One of the most crucial issues while carrying out a study within a watershed is the issue of water resources, including surface runoff, streamflow, base flow, flood regime of the watershed, and groundwater. It is important that land cover and climate change have a great influence on the hydrological response of a watershed. They may significantly modify the hydrological regime of basins, affecting the regional environment, ecosystems, and water resources in particular river flow regimes [62,63]. With the evidence of climate and land cover changes in the Sota catchment, Integrated Water Resource Management (IWRM) appears therefore as a needed approach for community resilience and sustainable development in the catchment.

5. Conclusions

Understanding changes in climate and land cover over West Africa is essential to local communities as their economies rely heavily on agriculture to supplement their livelihoods, food security, and water availability.

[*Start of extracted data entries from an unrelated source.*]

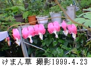 草齢 ----- 2年 環境 ----- 鉢植え 日当り ----4月まで午後日当たり、その後半日陰 土 ------- 鹿沼土主体 肥料 ----- 春−夏液肥4−5度 水 ------- 普通 分類 ----- ケシ科コマクサ属 多年草 特性 ----- 水はけの良い半日陰を好む 備考 ----- 姿が仏殿のけまんに似ていることからきた花名のようです。大変面白い姿の花だとおもいます。子供も喜びそうですね。
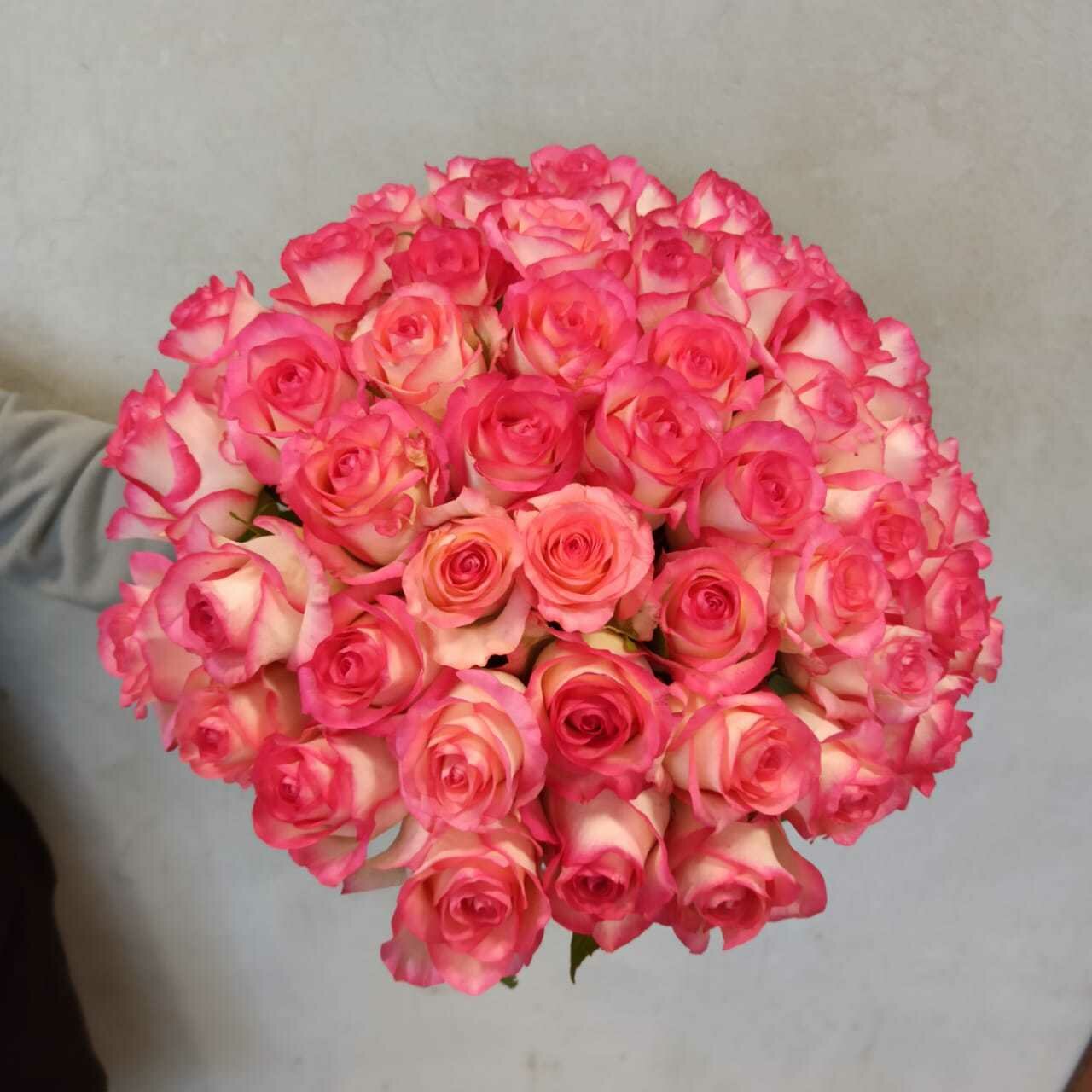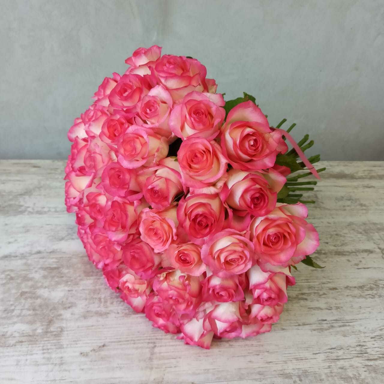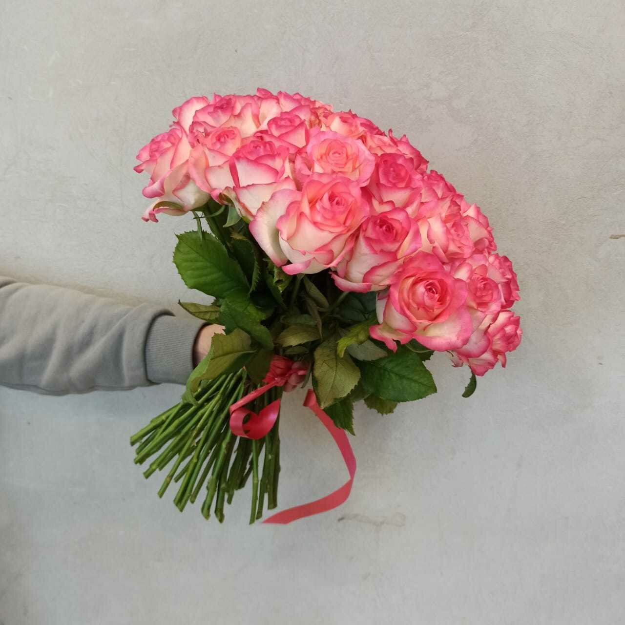 Купить Живые цветы букет роз 51 шт. 40 см. бело-розовый "С теплыми пожеланиями", Rurose
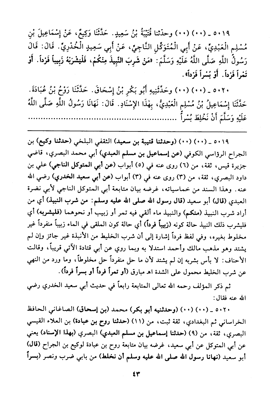 ٥٠١٩ - (٠٠) (٠٠) (وحدثنا قتيبة بن سعيد) الثَّقَفيّ البلخي (حَدَّثَنَا وكيع) بن الجراح الرؤاسي الكُوفيّ (عن إسماعيل بن مسلم العبدي) أبي محمَّد البَصْرِيّ، قاضي جزيرة قيس، ثِقَة، من (٦) روى عنه في (٥) أبواب (عن أبو المتوكل الناجي) علي بن داود البَصْرِيّ، ثِقَة، من (٣) روى عنه في (٣) أبواب (عن أبي سعيد الخُدرِيّ) رضي الله عنه. وهذا السند من خماسياته، غرضه بيان متابعة أبي المتوكل الناجي لأبي نضرة العبدي (قال) أبو سعيد (قال رسول الله صلى الله عليه وسلم: من شرب النبيد) أي من أراد شرب النبيذ (منكم) والنبيذ ماء ألقي فيه تمر أو زبيب أو نحوهما (فليشربه) أي فليشرب ذلك النبيذ حالة كونه (زبيبًا فردًا) أي حالة كون الملقى في الماء زبيبًا منفردًا غير مخلوط بغيره، وفي لفظ فردًا إشارة إلى أن شرب الخليط من الأنبذة غير جائز وإن لم يشتد وهو مذهب مالك وأَحمد استدلا به وبما روي عن أبي قتادة الآتي قريبًا، وقالت الأحناف: لا بأس بشربه إن لم يشتد لأن ما حل منفردًا حل مخلوطًا، وما ورد من النهي عن شرب الخليط محمول على الشدة اهـ مبارق (أو تمرًا فردًا أو بسرًا فردًا).
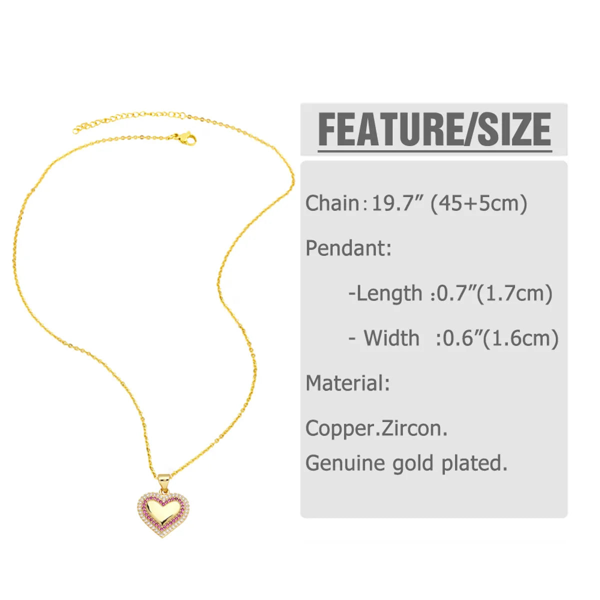 201 Stainless Steel Copper 18K Gold Plated Inlay Human Heart Shape Zircon Pendant Necklace
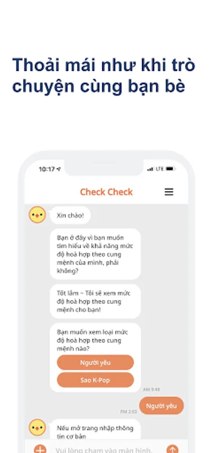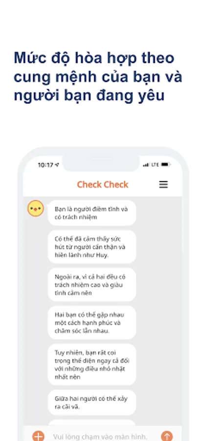 Just chat with Check Check and see the harmony level of your destiny and your lover.
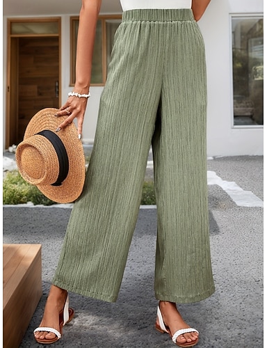 Damen Weite Hosenbeine Chinos Urlaub Mode Streetwear Volle Länge Hohe Taille Einfach Elastischer Bund Bequem Weich Dehnbar Täglich Outdoor Straße Grün Sommer Frühling Herbst Lässiger Schnitt
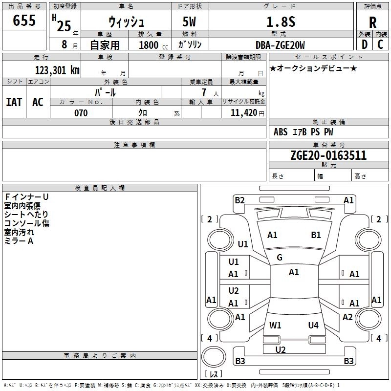 TOYOTA WISH 2013 г., лот № 655
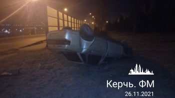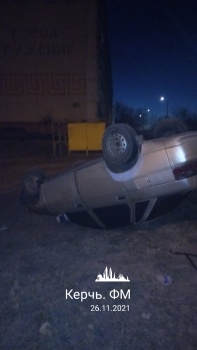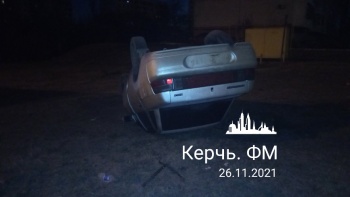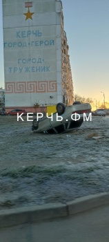В Керчи в ДТП на Верхнем Солнечном перевернулась машина
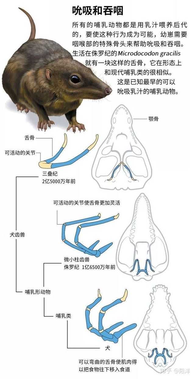 現(xiàn)代哺乳類的幼崽生下來都會本能地吸吮乳汁,但吸吮這個看似簡單的動作實現(xiàn)起來卻沒有那么簡單,哺乳類實現(xiàn)吸吮靠的是其特殊的舌骨結(jié)構(gòu),與爬行動物的簡單棒狀舌骨不同,現(xiàn)生哺乳類的舌骨構(gòu)造是由甲狀舌骨、基舌骨、角舌骨和上舌骨組成的一個鞍狀關(guān)節(jié)。無論是現(xiàn)存最原始的鴨嘴獸,或是早早分化出去的有袋類,還是包括人類在內(nèi)絕大部分哺乳類所屬的真獸都擁有這種舌骨關(guān)節(jié),所以它們的幼仔都能吸吮乳汁,“哺乳類”這個名稱也由此得名。
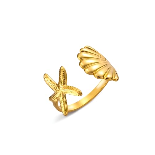 Generic - Beachy Jewelry Piece - Beautiful Adjustable Summer Ring with Starfish and Shell Motif for Women, Perfect for Ocean Adventures and Special Gift Moments
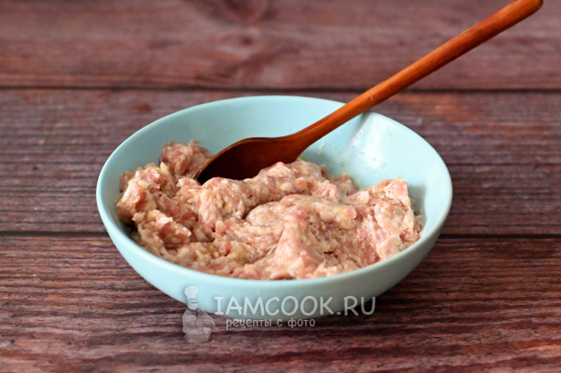 Тщательно перемешайте фарш с луком и солью.

This study focused on assessing climate and land cover changes over the Sota catchment. The results show that three periods are noted in the rainfall pattern over the catchment: a 1960–1972 wet period, a 1973–1987 dry period, and a 1988–2019 wet period. A return to wet conditions is noted after the severe drought of the 1970s and the 1980s. The four stations in the southern part showed a decreasing trend of rainfall and the three stations in the northern part of the basin showed an increasing trend. The Sota catchment has become warmer over the last 60 years. Regarding land cover change, the Sota catchment has undergone large changes, including an increase in cropland, urban area, plantation, waterbody, and baresoil areas, and a decrease in woodland, dense forest, gallery forest, and savanna areas. Based on these results, critical steps such as adapting to and mitigating the climate and land cover changes over the Sota catchment should be an important point of attention in decision-making for the communities who rely on water and land for their livelihoods. Actions promoting water harvesting and afforestation are required. Further research should address the combined effects of climate and land cover changes on the water resources of the Sota catchment. It can also be a valuable approach to understanding climate change in the catchment area by using only gridded data. In addition, Estimation of Land Surface Temperature and Departure rainfall analysis would help more to understand the variations in rainfall and the effect of land use. Moreover, it can also be a valuable approach not to compute the land cover area statistics, as well as the land cover change area statistics based on pixel counting. These limitations of the current study can be the target of further research in the Sota catchment.

Author Contributions

Conceptualization, K.S.S. and F.C.C.H.; methodology, K.S.S., F.C.C.H., L.O.S. and S.B.; validation, K.S.S. and F.C.C.H.; formal analysis, K.S.S., F.C.C.H., S.B.; investigation, K.S.S., N.F. and C.L.G.S.; resources, K.S.S., F.C.C.H., L.O.S. and N.F.; writing—original draft preparation, K.S.S.; writing—review and editing, K.S.S., F.C.C.H., S.B., N.F., L.O.S. and C.L.G.S.; visualization, K.S.S. and L.O.S.; supervision, F.C.C.H., L.O.S. and N.F.; project administration, K.S.S., F.C.C.H. and L.O.S.; funding acquisition, K.S.S. All authors have read and agreed to the published version of the manuscript.

Funding

This work, forming part of a Ph.D. research project, was supported by the West African Science Service Center on Climate Change and Adapted Land Use (WASCAL).

Data Availability Statement

Data will be made available on request.

Conflicts of Interest

The authors declare no conflict of interest.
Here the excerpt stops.